Невозможно рассказывать жизнь Пушкина, не говоря о его отношении к Вам",- писал Петру Яковлевичу Чаадаеву литератор И. В. Киреевский. Пушкин познакомился с Чаадаевым в доме историка Н. М. Карамзина, жившего летом 1816 года в Царском Селе. Здесь был расквартирован, по возвращении в Россию из европейского похода, лейб-гвардии гусарский полк, где служил Чаадаев, к тому времени уже боевой офицер, овеянный славой сражений при Бородине, Кульме, Лейпциге, прошедший с победоносной русской армией до Парижа.
На Пушкина произвела впечатление и оригинальная внешность Чаадаева: его бледное, нежное лицо, казалось, было высечено из мрамора, серо-голубые печальные глаза светились добротой, но иронически улыбались тонкие губы. Одевался он чрезвычайно тщательно - "как dandy лондонский".
Как и все либерально мыслящие офицеры, проделавшие военную кампанию вместе с русскими солдатами - защитниками и патриотами родной земли, Чаадаев жил мыслью об уничтожении рабства и деспотизма в России. Он был близок к ранним декабристским организациям, и приобщал к идеям, которые сам проповедовал, Пушкина. "Он обзывал Аракчеева злодеем, высших властей военных и гражданских - взяточниками, дворян - подлыми холопами, духовных - невеждами, все остальное - коснеющим и пресмыкающимся в рабстве", - вспоминал впоследствии Д. Н. Свербеев, знавший и Пушкина, и Чаадаева.
Лицеист Пушкин и офицер Чаадаев вели увлекательные беседы. Они говорили об истории, философии, нравственности. И содержание их бесед отразилось в стихах молодого поэта, посвященных Чаадаеву. Влияние высокообразованного офицера на юношу было "изумительно", вспоминают современники, он "заставлял его мыслить". "С моим Чедаевым читал!" - восклицал поэт. Уже тогда Пушкин понимал, что в условиях русской действительности Чаадаев не сможет занять подобающее место на государственной службе. С горькой иронией поэт писал:
Он вышней волею небес
Рожден в оковах службы царской;
Он в Риме был бы Брут, в Афинах Периклес,
А здесь он - офицер гусарской.
Вспоминая имена Брута и Периклеса, Пушкин хотел подчеркнуть и свободолюбие, и демократические убеждения Чаадаева.
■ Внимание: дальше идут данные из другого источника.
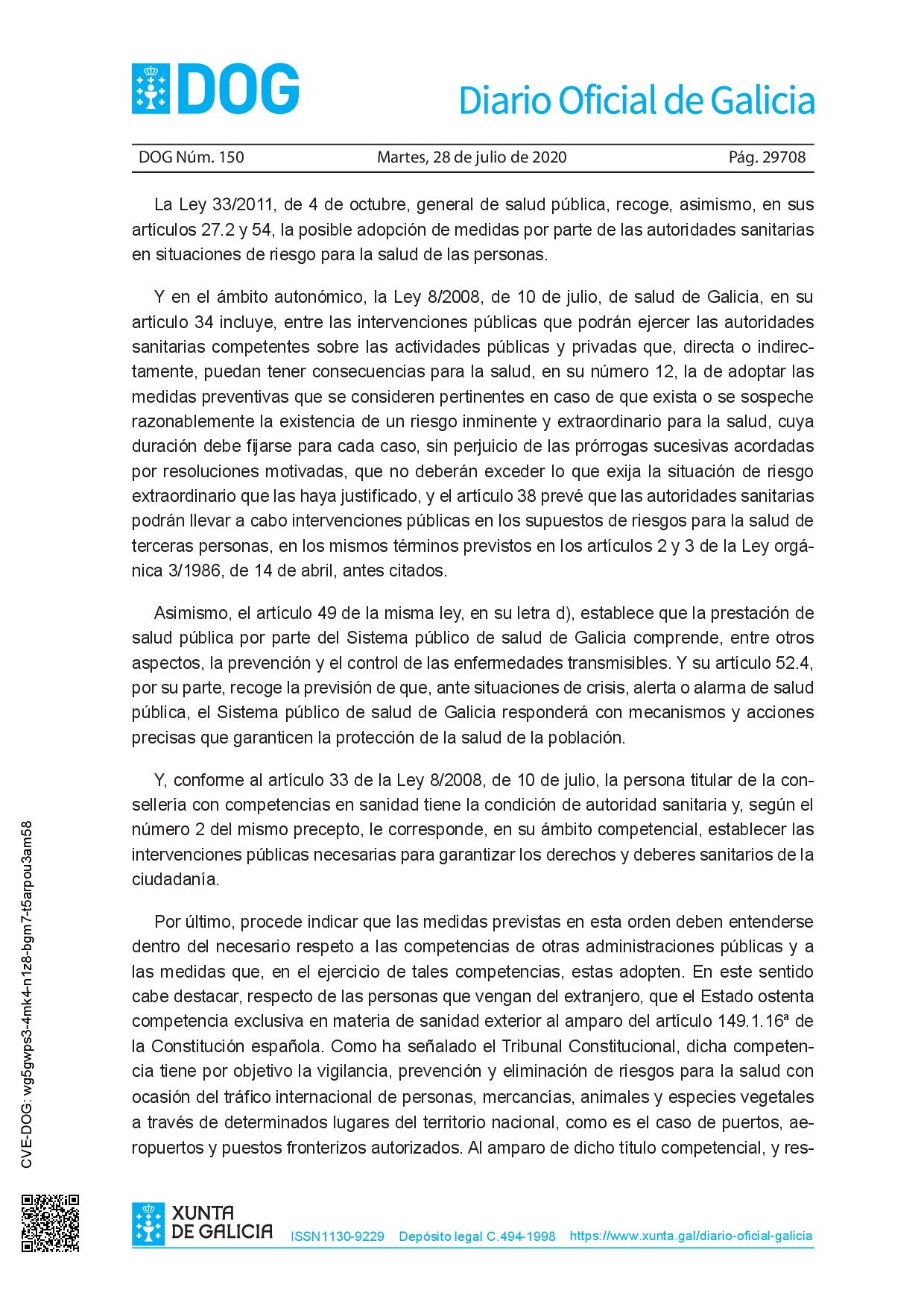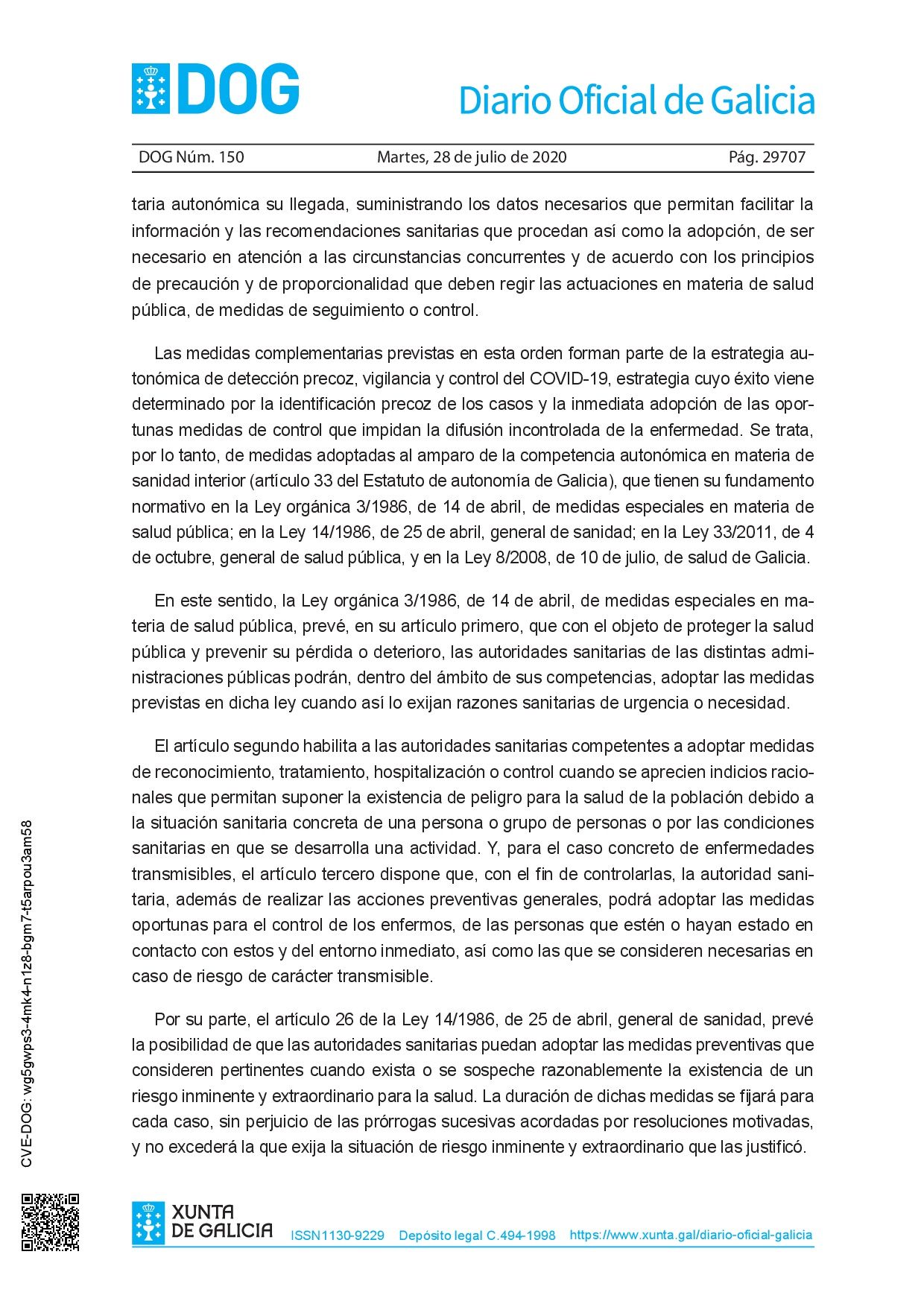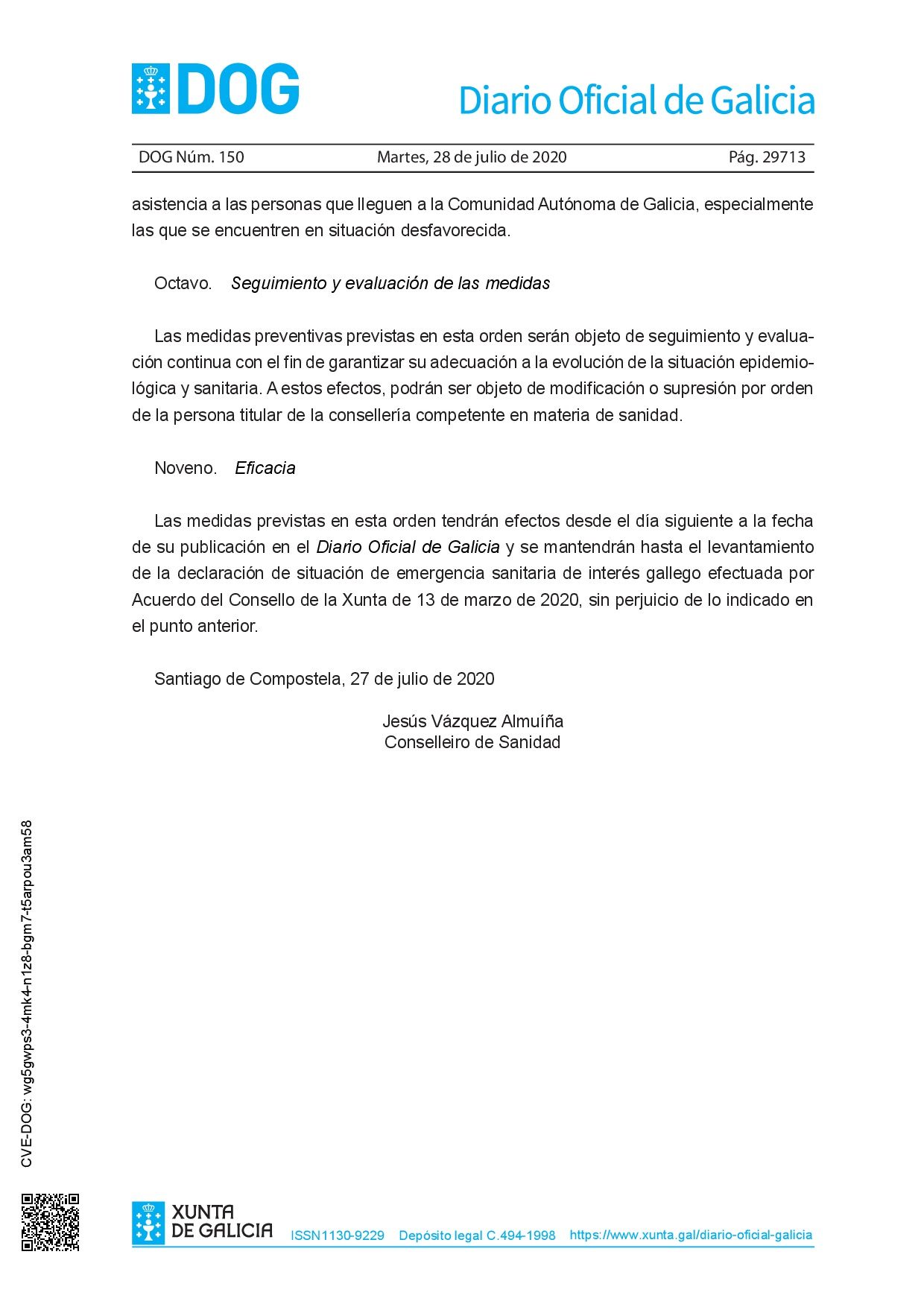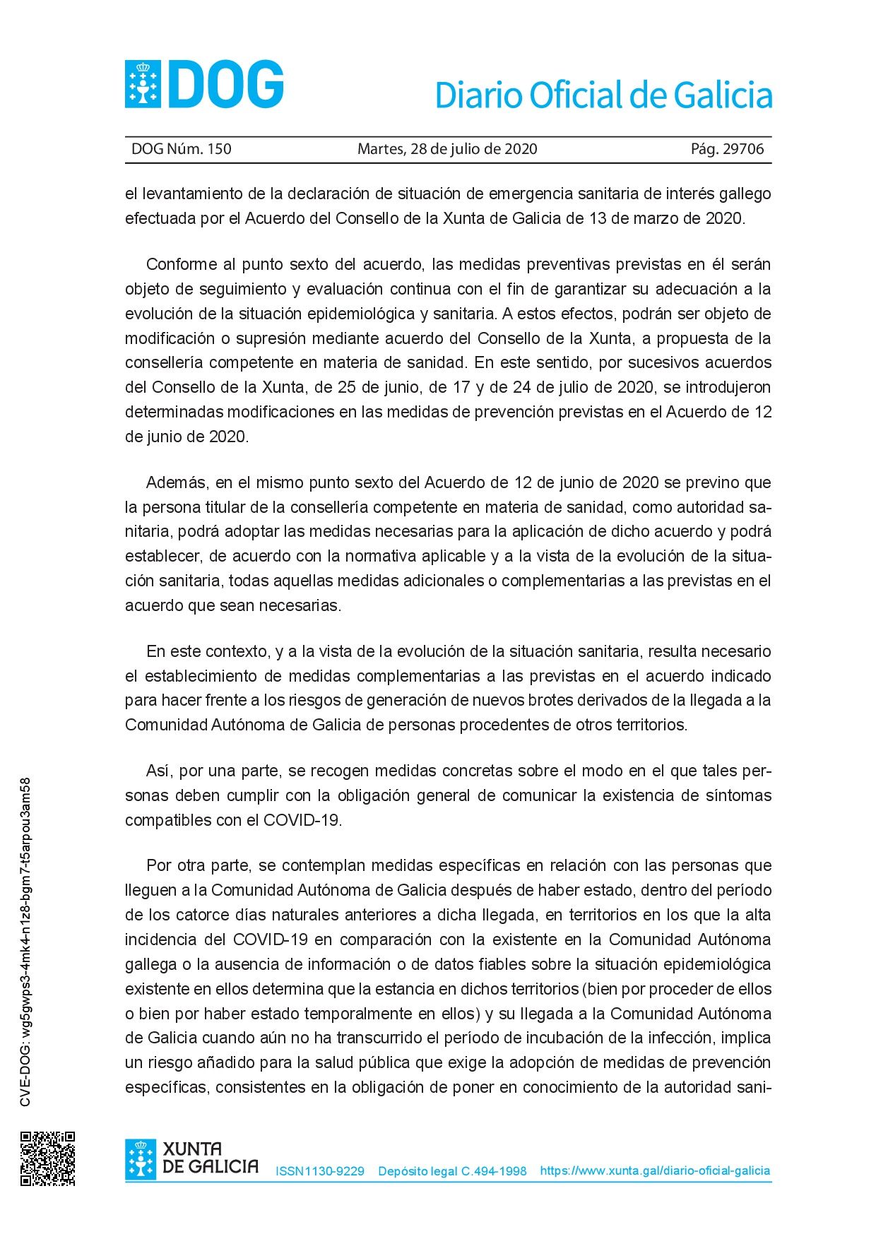 La Orden de 27 de julio de 2020 (https://www.xunta.gal/dog/Publicados/2020/20200728/AnuncioC3K1-270720-1_es.pdf) establece medidas de prevención para hacer frente a la crisis sanitaria por COVID-19 en relación con la llegada a la Comunidad Autónoma de Galicia de personas de otros territorios.

Их дружба, основанная на общих политических взглядах, приобретала в глазах поэта поистине героический характер и звала к патриотическим действиям:
Пока свободою горим,
Пока сердца для чести живы,
Мой друг, отчизне посвятим
Души прекрасные порывы!
Пушкина поражала необыкновенная эрудиция Чаадаева, который был хорошо знаком с трудами французских просветителей и новой французской литературой, занимался изучением английской и немецкой философии (Локк, Кант, Шеллинг).
Чаадаев знал А. С. Грибоедова и П. И. Пестеля, С. Г. Волконского и С. И. Муравьева-Апостола, многих других декабристов.
В эти годы Александр I не видел еще большой политической опасности в "забавах взрослых шалунов". Благосклонно отнесся он и к стихотворению Пушкина "Деревня", переданному ему генералом от кавалерии И. В. Васильчиковым, адъютантом которого состоял тогда П. Я. Чаадаев. Известно, что впоследствии через своего начальника Чаадаев хлопотал о смягчении участи вольнолюбивого поэта.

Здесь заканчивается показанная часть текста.